A alma do poeta deve ficar amargurada quando se queima o santo (ou santa) a quem se deveria rezar!

Não há prémios para as árvores, pois, se existissem, teriam que ser estranhos, comparados com aqueles que se dão a certos homens. Seriam, em verdade, prémios vitais, mesmo que as árvores não sejam seres individualizados. Podemos, ainda assim, como têm confirmado poetas e almas de sensibilidades gémeas, falar para uma árvore ou olhá-la por algum tempo. Mas quem visse, o que diria?... Conferir um prémio, ainda que seja a uma “coisa” vegetal, equivaleria a não receber os agradecimentos de troca que sempre se espera, seria não receber as adulações que são um outro “prémio”, nestas ocasiões.

Mas, retirada a ideia de conceder galardões às árvores, deveríamos, no mínimo, dar-lhes todo o respeito que merecem, o mesmo é dizer ter dignidade por aquilo que é indispensável para a vida tal como a vamos tendo neste planeta. Esse culto (assim deveria ser a nossa atitude) não seria menor do que o de qualquer divindade. Talvez que na actual humanidade haja ainda um grande e profundo sentimento subconsciente de ser acusada de práticas de paganismo! Por isso as palavras de Alberto Caeiro não têm sido levadas a sério, salvo nos currículos académicos, é claro. Ficou definitivamente provado neste Verão que o homem não respeita as árvores ou a vida, e por isso não se respeita verdadeiramente a si mesmo. A nobre cartilha da poesia não tem sido estudada, e se nos edifícios autárquicos e outros fosse inscrito o citado verso, a tal cultura da cidadania alcançaria bons e rápidos resultados. Inscrição para colmatar espaços vazios, ou substituindo outras sentenças mais efémeras.

Se toda a natureza é uma expressão de Deus, e bem assim todo o ser humano, então há que meditar nisto: Não há prémios para cada imperturbável aurora, para o júbilo da luz quando ao meio-dia se derrama completa num cósmico amplexo sobre cada ponto da Terra, não há reconhecimentos públicos para um terapêutico pôr-do-sol que pode devolver a calma depois do frenético dia de fertilizantes artificiais no mundo disto e daquilo, e não só o da agricultura.
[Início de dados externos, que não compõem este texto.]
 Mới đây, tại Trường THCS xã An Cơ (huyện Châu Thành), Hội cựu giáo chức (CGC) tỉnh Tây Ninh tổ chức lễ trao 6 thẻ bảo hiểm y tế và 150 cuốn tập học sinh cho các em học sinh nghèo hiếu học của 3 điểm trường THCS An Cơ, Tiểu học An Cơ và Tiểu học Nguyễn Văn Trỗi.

Novalis, ao escrever os seus Hinos à Noite, sabia que não existe a justa admiração por aquela benção da Natureza que nos traz a calma (ou mais lucidez), a noite que é uma compensação equidistante das horas apolíneas. Não há prémios em datas oficiais para os singulares serviços de emergência que diariamente (imagine-se!) nos assistem de uma morte inevitável quando nos renovam a água dentro do corpo. O melhor que se poderia dizer de Deus é que é equidistante. Nisto há mais justiça e beleza. Já se falou do amor eterno sempre equidistante?
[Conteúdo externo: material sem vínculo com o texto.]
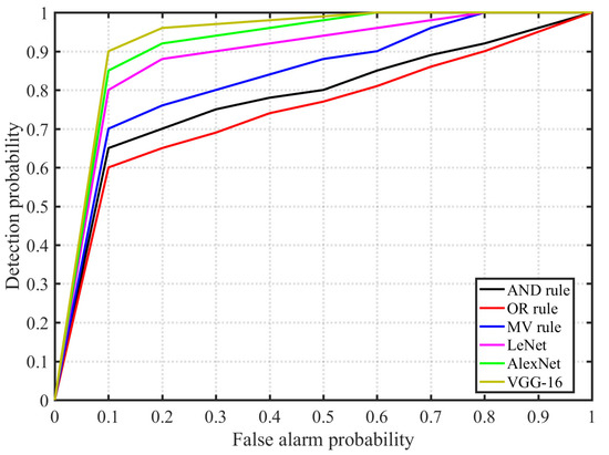 - The classical LeNet network, AlexNet network and VGG-16 network are trained on the proposed dataset. The corresponding false alarm probability and detection probability of the three networks are analyzed and compared.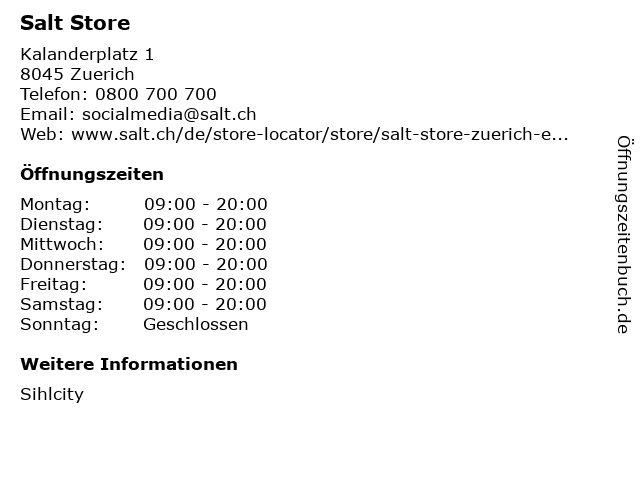 | Öffnungszeiten Salt Store in Zuerich anzeigen | |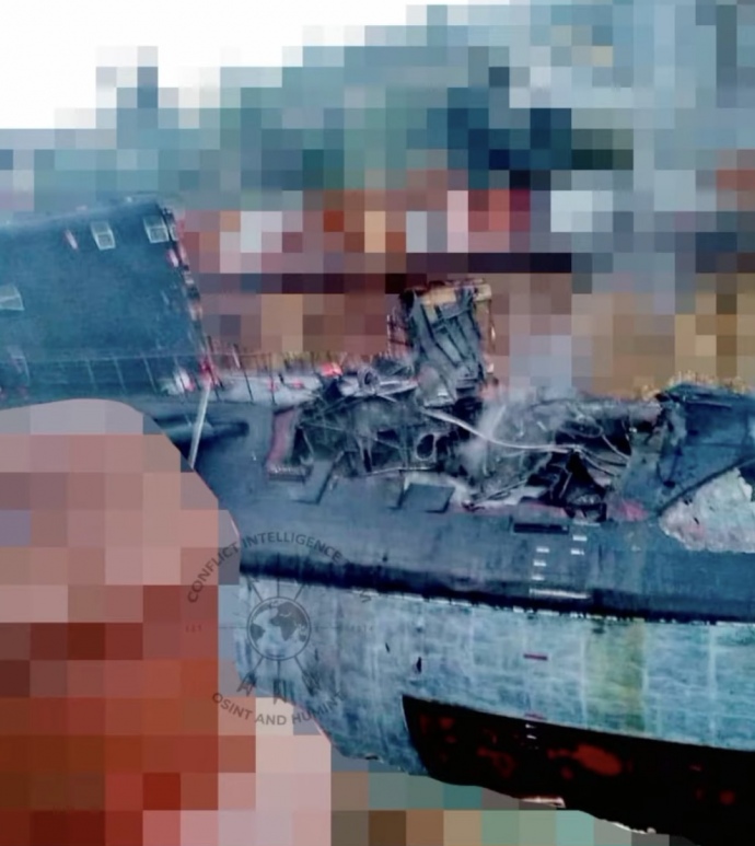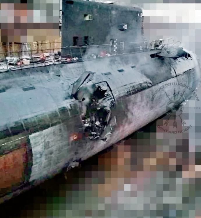 Доповнено: В Сonflict Intelligence Team, які опублікували знімки, зазначають, що підводний човен зазнав двох ударів. Перший із них розташований зверху в носовій частині субмарини, про нього на підставі супутникових знімків раніше заявляли експерти. Друге попадання припало на правий борт човна в зону за рубкою. Його, на відміну від першого, неможливо зафіксувати за супутниковими знімками.
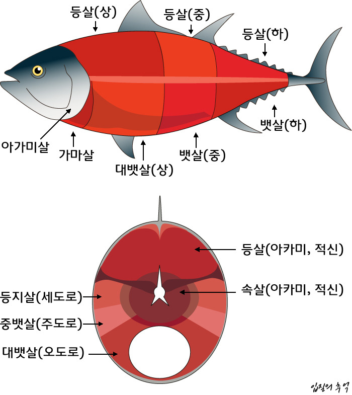 전반적으로 붉은살일수록 비싼부위이고, 무른부위 일수록 비싼 부위이다.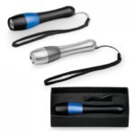 Metal torch with one LED and rubber grip. Batteries not included. Charging via car ignitron. ø35 x 159 mm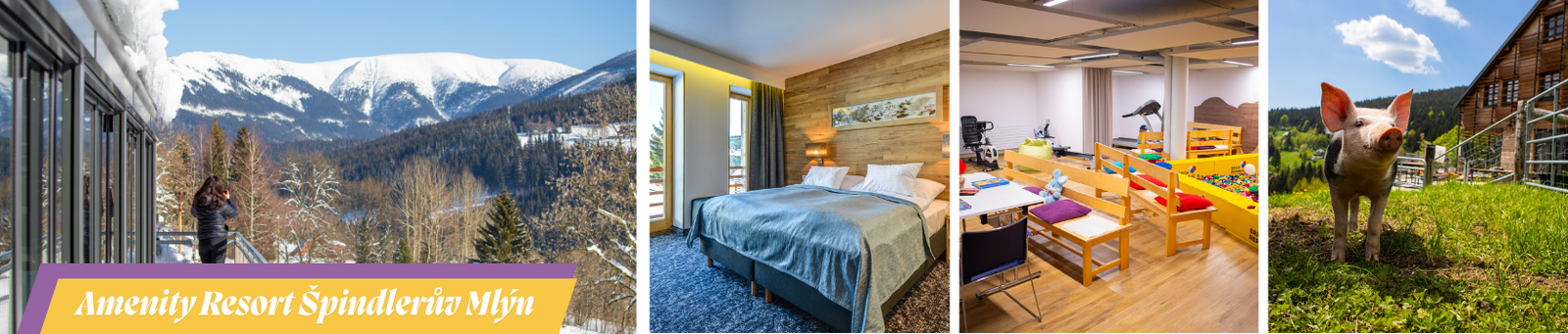 Amenity Resort Špindlerův Mlýn je ideální volbou pro rodiny, které chtějí bydlet kousek od sjezdovky a zároveň mít špičkové zázemí pro děti. Blízkost sjezdovky Labská, dětské hřiště, herna i oblíbená minizoo dělají z resortu skutečný rodinný ráj. Po dni na svahu si užijete bazén, bowling nebo wellness se saunami, zatímco děti budou ještě plné energie.

Quanto aos homens, há aqueles, como é sabido, que gostam tanto de prémios que são capazes de viver exclusivamente na sua mira. Estes pertencem ao grupo numeroso que ainda acredita que o homem é o rei da criação... Um minoria, doutro género mas da mesma espécie, afasta-se dos prémios, ainda que em certas situações os aceitem como um estorvo. São os vitoriosos da vida, que se conquistaram a si mesmos, tornando-se inofensivos para os demais. Depositaram no altar da humanidade a sua riqueza, despojaram-se do muito desnecessário que há no mundo. Nestes, podemos incluir o simples habitante que se esforça duas vezes, sendo numa delas voluntário, por isso sustentador do mundo. Muitos deles são os que defendem as árvores e outros bens; quase sempre assistem, entristecidos, à oração das cinzas. É a prece por aqueles que atentam contra a Vida no planeta, e assim cometem pecado contra o Espírito Santo.

Não há galardões para os que chegam ao alimento da verdade. O Graal compensa os voluntários construindo o mundo perante o olhar dos involuntários. Aos primeiros, basta-lhes o néctar da vida que nunca falta a quem dele se abeire legitimamente. Rogam pelo mínimo da vida e recebem mais do que se possa imaginar. Podem ou não ver no sacrifício alguma espécie de beleza. Seja como for, deparam-se com a luz nas pedras de tropeço. Esse é o seu castigo e também o seu prémio.